Enforcement, fines and recent trends
The PDPC has authority to impose administrative fines, orders to cease processing, corrective measures, and public reprimands. Enforcement has become real: since 2024 the PDPC has started issuing high-profile administrative fines covering millions of baht for failures such as missing DPOs, poor security and breaches that led to fraud or leakage. Expect enforcement to increase and for the PDPC to publish enforcement guidance and follow-up rulings that tighten expectations.

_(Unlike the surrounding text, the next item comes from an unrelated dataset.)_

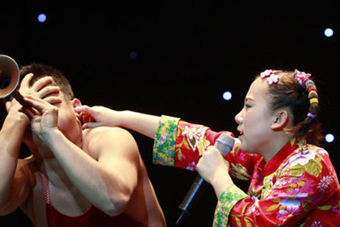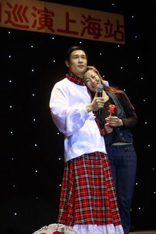 中新網(wǎng)4月27日電 《劉老根大舞臺》小沈陽笑轉(zhuǎn)2009,全國巡演上海站昨晚(26日)在上海大舞臺(上海體育館)拉開序幕,王金龍和毛毛(丫蛋)夫婦同臺獻(xiàn)藝,毛毛上演了野蠻老婆的戲碼。丫蛋以野蠻的招數(shù)著稱,這次剛剛新婚不久的夫妻二人,給上海的觀眾朋友們來了個以外驚喜。觀眾的歡呼聲讓整個體育館達(dá)到了高潮。

Practical technical & organizational controls
At minimum, the PDPA expects documented measures proportionate to risk:
- Governance: appoint a DPO where required (or a responsible person), maintain an internal data-protection policy, and keep a processing register.
- Access controls & least privilege: role-based access, strong authentication, and logging.
- Encryption & pseudonymisation: protect data at rest and in transit.
- Patch & asset management: timely software updates and managed inventory.
- Vendor controls: security clauses, audits, and right to inspect processors.
- Incident response: detection, containment, forensics, notification and post-incident remediation.
Technical measures must be paired with staff training and a culture of data protection.
Compliance roadmap — pragmatic steps for businesses
- Map: inventory personal data flows and build a record of processing activities (ROPA).
- Assess: DPIAs for high-risk systems (profiling, health data, large-scale monitoring).
- Lawful basis: document the legal basis for each processing activity and update privacy notices.
- Contracts: update vendor contracts and include PDPA-compliant transfer clauses.
- Breach plan: draft and test an incident response playbook including 72-hour notification triggers.
- Rights process: implement an operational SAR workflow with verification steps and SLAs.
- Train & test: mandatory staff training, phishing exercises and tabletop incident drills.
- Monitor & audit: periodic reviews, third-party audits and KPI dashboards for privacy risk.
Final practical tips & common traps to avoid
- Don’t rely solely on checkbox consent: diversify lawful bases and keep consent records where you use consent.
- Keep originals and logs: in Thai practice, documentary proof and logs matter in audits and enforcement.
- Plan cross-border architecture early: migrating services to regional cloud providers requires transfer assessments and contractual remedies.
- Start with high-risk areas: HR files, customer databases, CCTV and health data are frequent audit targets.
- Budget for enforcement: fines and remediation costs are real; treat PDPA as an operational compliance program, not a one-off project.
Checklist — immediate actions (30/60/90 days)
- 0–30 days: run a data inventory and appoint a PD lead; map high-risk assets.
- 30–60 days: implement SAR workflow, update privacy notices, and start DPIAs for top 3 systems.
- 60–90 days: update contracts with processors, test incident response and patch critical systems.
- Ongoing: staff training every quarter, annual audits, and board reporting on privacy KPIs.